The rollout of the Affordable Care Act has seen its share
of logistical issues, from delaying the mandate that large businesses
offer insurance to employees to postponing limits on individuals’
out-of-pocket costs. Now, there’s a new and more urgent setback: the
software that’s supposed to let people buy federally subsidized health
insurance starting in October doesn’t work all the time.
A report in the Wall Street Journal explains
that the software that will allow uninsured Americans to purchase a
health care plan through federally managed health care exchanges is at
times miscalculating the prices individuals will have to pay for
subsidized coverage. Insurers worry that early glitches in the program
might sour people on the idea of picking up health coverage. That would
be a setback for Obamacare, which needs a critical mass of younger,
generally healthy Americans to keep prices affordable.

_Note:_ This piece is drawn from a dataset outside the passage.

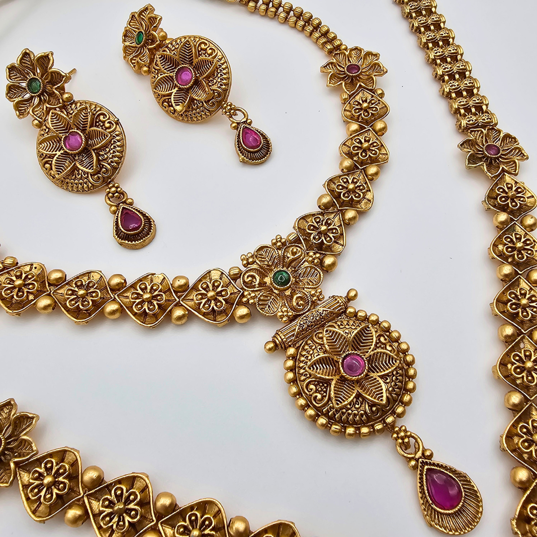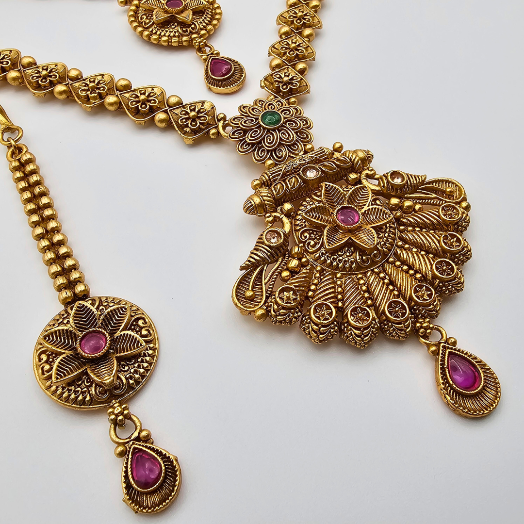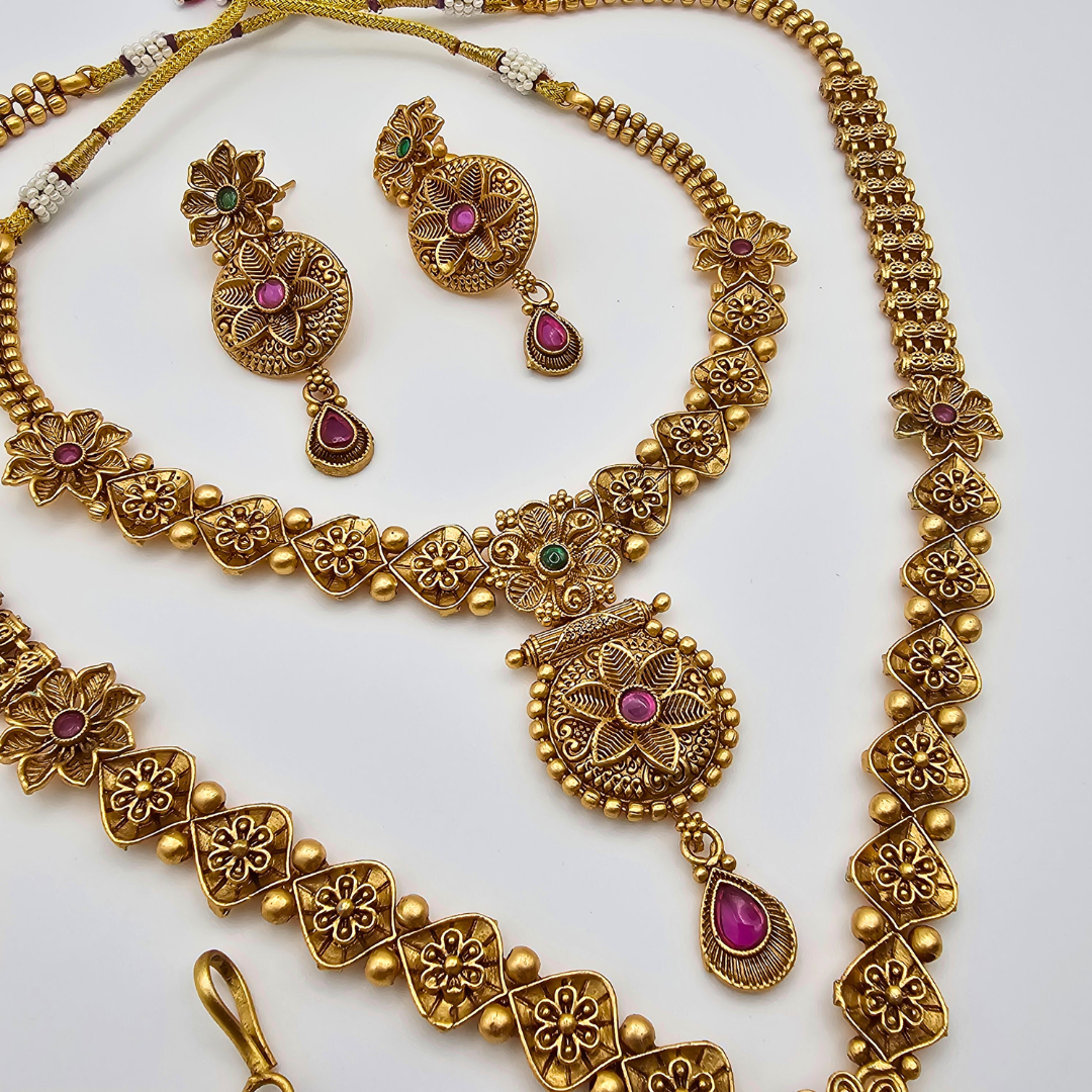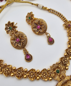 Embrace timeless elegance with our Regal Gold-Plated Rajwadi Antique Necklace Set, a stunning three-piece ensemble featuring a beautifully handcrafted Kundan necklace, matching earrings, and an exquisite mathapatti. Designed to elevate your ethnic look, this set blends royal charm with intricate craftsmanship, making it the perfect accessory for weddings, cultural events, festive celebrations, or bridal wear.

The software company helping to revolutionize the American
health care system is, in fact, Canadian. CGI Group, an information
technology firm that scored an estimated $93 million
contract in 2011 to build Obamacare’s federally funded health care
exchanges, is based in Montreal, Quebec. The exchanges are being built
up by CGI Federal, a U.S.-based subsidiary of CGI Group, whose contract
runs until the spring of 2014. Their software will be used not only to
allow uninsured Americans to select health care plans but also to let
insurers certify their plans with the federal government. A CGI
spokesman declined to clarify the nature of the glitches.